╭──

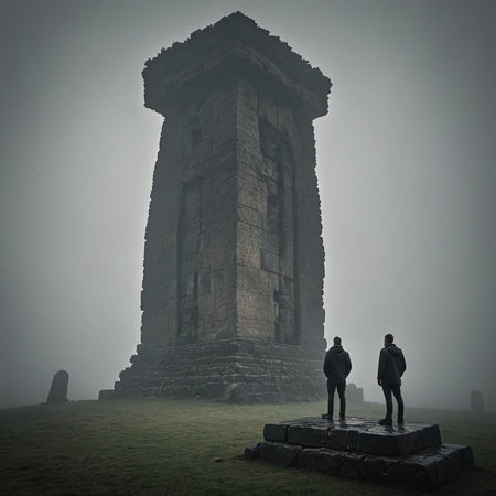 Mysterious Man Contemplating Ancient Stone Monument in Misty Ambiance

╰──
╭──

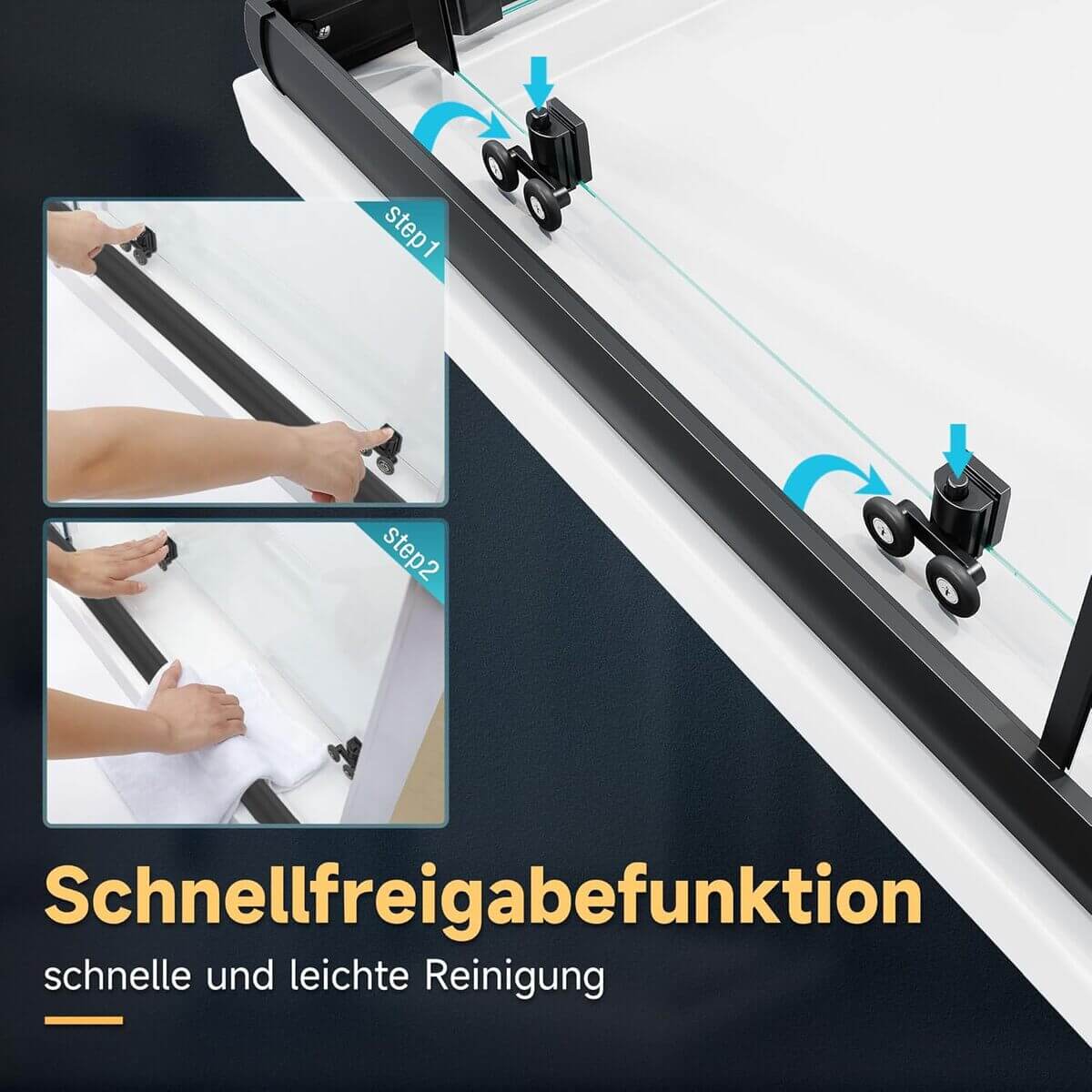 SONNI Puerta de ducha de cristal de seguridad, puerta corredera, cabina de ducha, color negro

╰──
╭──

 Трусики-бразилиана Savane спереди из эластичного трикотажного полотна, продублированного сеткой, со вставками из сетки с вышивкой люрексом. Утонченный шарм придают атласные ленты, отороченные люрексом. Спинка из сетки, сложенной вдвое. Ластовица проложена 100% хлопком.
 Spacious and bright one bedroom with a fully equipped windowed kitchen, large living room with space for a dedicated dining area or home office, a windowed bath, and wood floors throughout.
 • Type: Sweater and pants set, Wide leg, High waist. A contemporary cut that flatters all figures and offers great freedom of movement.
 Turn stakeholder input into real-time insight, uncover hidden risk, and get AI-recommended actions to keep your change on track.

╰──

Task objective: Look above for the line holding "freedom of movement." and the line holding "Turn stakeholder input". Retype both, and every line between them, word for word and nothing else.

Exercise answer:
 • Type: Sweater and pants set, Wide leg, High waist. A contemporary cut that flatters all figures and offers great freedom of movement.
 Turn stakeholder input into real-time insight, uncover hidden risk, and get AI-recommended actions to keep your change on track.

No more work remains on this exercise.